Носит краги — единственный человек в лесу в крагах, толстых-претолстых. Я с завистью смотрю на них, прикидываю: сколько подметок можно накроить? Но, оказывается, краги сделаны не из цельного материала, они трехслойные, годятся разве на подзадники.
Ботинки у него скороходовские, даже щеголеватые на вид, почему-то не изнашиваются.
В походах Амелинов трехжильный. Засыпает мгновенно, отчаянно храпит.
Странный человек!
Вот умылся ледяной водой, на ходу взял охапку дров, свалил у печки, рядом с Фросей, нашей поварихой, с напевом сказал:
— Утро доброе, утро ласковое… — А потом неожиданно как гаркнет: Громадянский привет трудовой женщине! Как жизнь молодая?

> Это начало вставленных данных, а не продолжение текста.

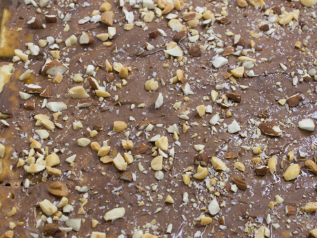 Retirer du four et déposer les brisures de chocolat uniformément par-dessus. Laisser fondre puis étendre à l’aide d’une spatule à glaçage ou d’une cuillère.
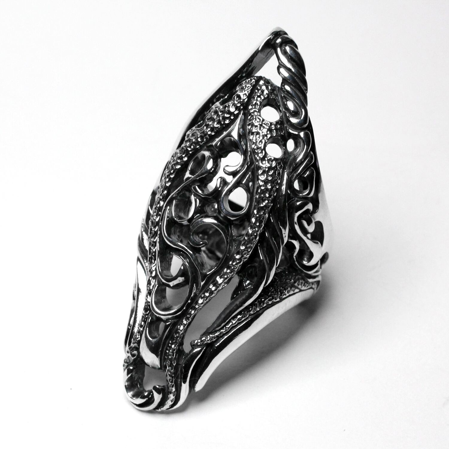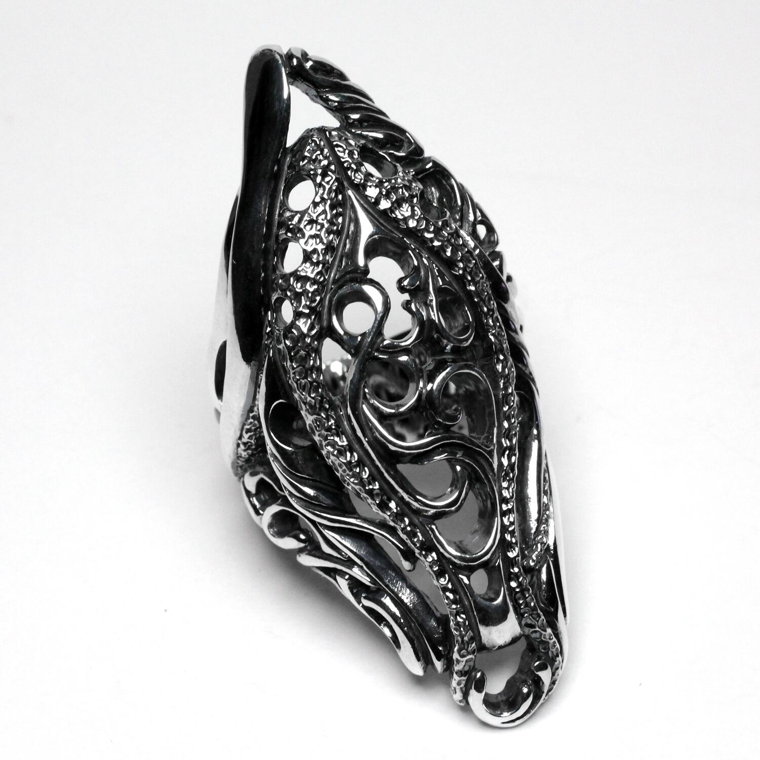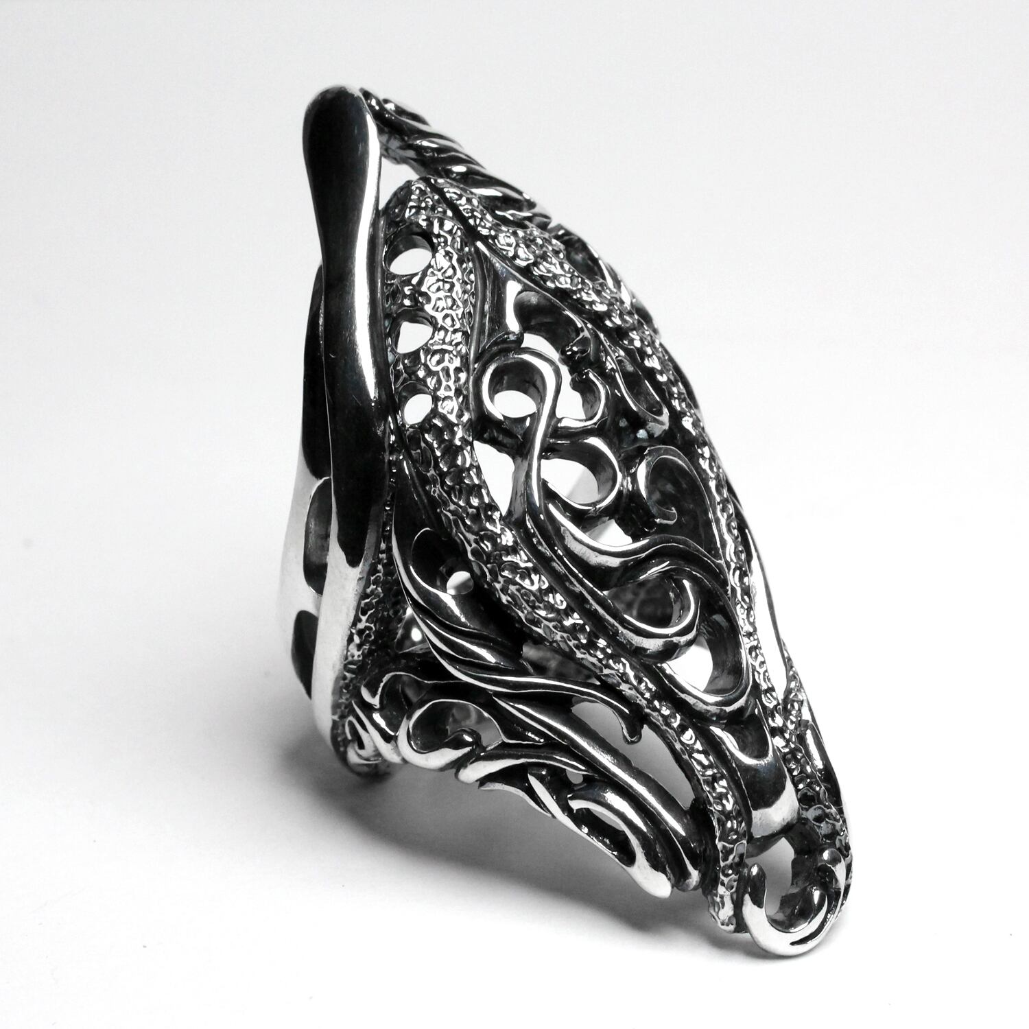約55mmのインパクト抜群のリング。左右対称のシルエットだが、部分的に異なる曲線や曲面が不規則なようでまとまった逸品。
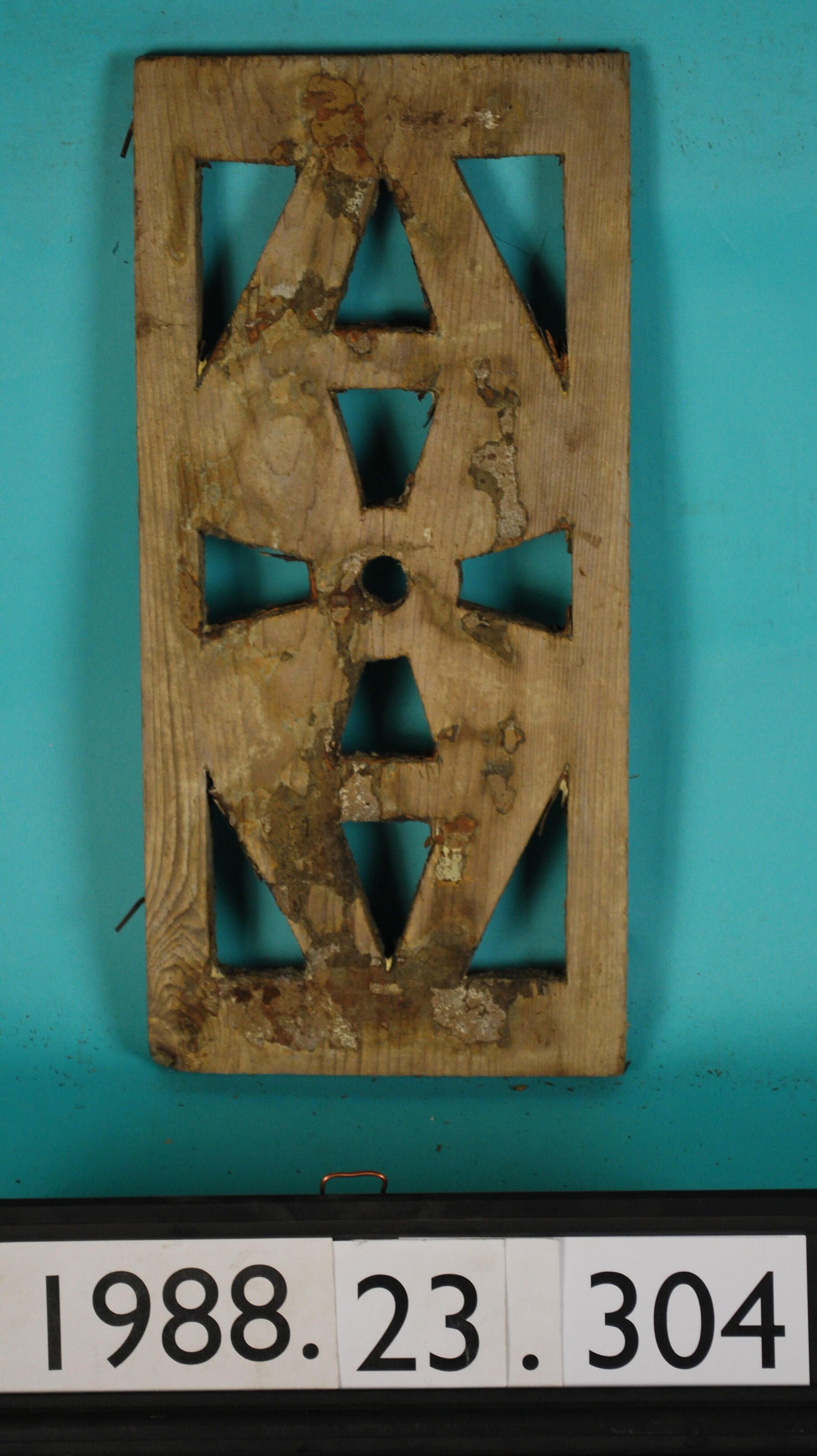 Exterior wood applied rectangular panel. Has fret-cut geometric ornamentation. Remnants of paint. Inscriptions or Markings: Manufacturer: Place of Manufacturer: Design motif: Style: Finish: Remnants of Paint
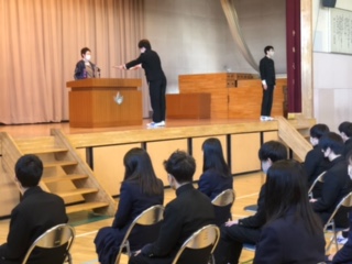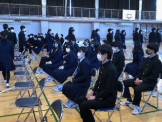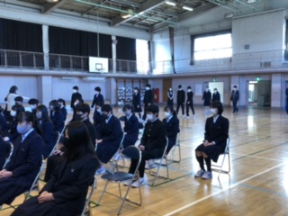 ?19日の卒業式を目前にして、3年生は卒業式の入場から退場までの流れを確認しながら、式練習をしています。みんな真剣に臨んでいます。
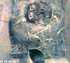 Fortunately, the chick turned and ran for the nest cup. Although the woodpecker leaned forward, by this time the chick was out of range and so lived to tell the tale another day.
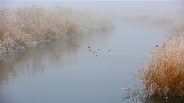 群鸭戏水隐蒹葭,孤雁凌波看落霞。

— А как вы, товарищ комиссар?
— Жив-здоров, без хороших портков, чего и вам не желаю. — Резкий амелиновский смех, а острые глаза мигом обшаривают: не дымно ли топится очаг, есть ли в ведре вода, достаточно ли чист передник у поварихи. Комиссар любит порядок, сам выбрит и вымыт. Он не терпит разбросанности, категоричен в своих суждениях. Но все эти качества прикрыты мало что значащим балагурством, от которого порой даже тошнит. Вот и сейчас спрашивает с подъемчиком:
— Фросенька-душенька, чай будет с церемонией или без оной?
— Вчера еще кончился сахар. Три кусочка было.
Комиссар трезво и требовательно:
— Я понимаю: раненых надо жалеть, но это не дает права нарушать мой приказ.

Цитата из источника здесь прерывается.